Tensions in Senegal reached a tipping point on Friday over the government’s decision to hold the opposition to the vote in planned legislative elections. Thousands took to the streets to show support for opposition leader Ousmane Sonko and to demand that President Macky Sall allow his opponents to run.
Smoke plumes blew up in the air throughout Dakar’s southern neighborhoods on Friday as protesters set fire to tires and plastic drums. Tear gas canisters rained down from the sky, scattering protesters. When they reappeared, they sang, “Macky Sall is a dictator!” and threw stones at police officers.
Graduate student Maimina Aidara was among them.
“What Macky Sall is doing to Senegal is an injustice. “What he is trying to do is not right,” he said. “We, the people here in Senegal, are suffering. We’re getting heavy. We’re getting really heavy. We want Macky Sall to leave his office. The protests will continue every day, God willing, until the elections. Macky Sall will resign. “
Anger has risen since Senegal’s constitutional council invalidated the opposition’s list of candidates for the July 31 legislative election, preventing opposition leader Sonko and other opponents from running.
The outcome of the election will determine the composition of Senegal’s 165-member National Assembly, which is currently dominated by the president’s coalition.
On Friday, it was seen blocking Sonko’s house, which prevented him from attending Friday prayers and the demonstration.
Sonko came third in the 2019 presidential election and is a candidate for 2024.
Sonko was arrested last year on what many believe were dubious allegations of rape. The incident caused a week of rioting that led to the deaths of 14 people.
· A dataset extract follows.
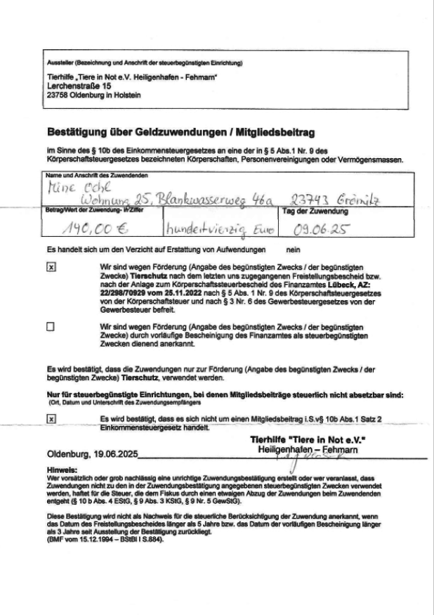 Spenden für die Tierhilfe Heiligenhafen - Fehmarn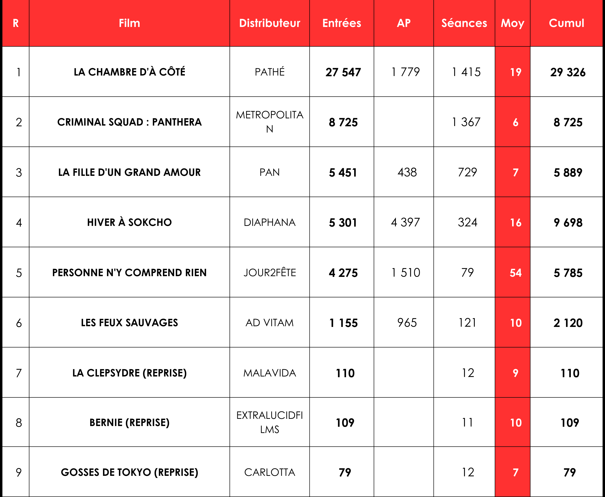 Le top 9 des nouveautés récolte 52 750 entrées, soit une baisse de 47 % par rapport aux neuf premières nouveautés de la semaine précédente. À noter, plus de la moitié de ces entrées sont récoltées par La Chambre d’à côté, ce qui était déjà le cas la semaine dernière avec Un ours dans le Jura.

According to Agence France-Presse, two deaths were reported in Friday’s protest and three opposition members were arrested.
West Africa has been plagued by a series of coups in recent years and any indication of instability in Senegal could have consequences for the whole region.
Hawa Ba is head of the Senegal office at the Open Society Initiative for West Africa.
“We are in a very volatile sub-region. Democracy is in jeopardy, and Senegal is supposed to be a beacon of democracy, “Ba said.” It is supposed to be a country that pulls the region and the continent upwards. And what we are seeing is that Senegal’s democracy has been slipping back a few years. “
Ba called on international bodies such as the Economic Community of West African States and the African Union to press Senegal to adhere to democratic norms. The African Union is led by Macky Sall.
Although many protesters said at Friday’s rally that they attended in support of Sonko, others had more general motives.
Seydina Halifa Abebacar said his biggest concern was inflation. The price of items like rice and cattle has risen, he said, and with Eid al-Adha around the corner, he is worried that the price of sheep will do the same.
“They have increased prices on everything. “Our families are suffering,” he said. “I came here to fight for my future and for that of my children. I’m not here for Ousmane Sonko – all politicians are the same. If we do not do it [throw rocks at police officers] there will be no solution. To protest is a right. ”
The protest took place despite a government ban. A demonstration on June 8 was also banned, but was eventually allowed to continue.
Demonstrations are expected to continue throughout the weekend, with or without authorization.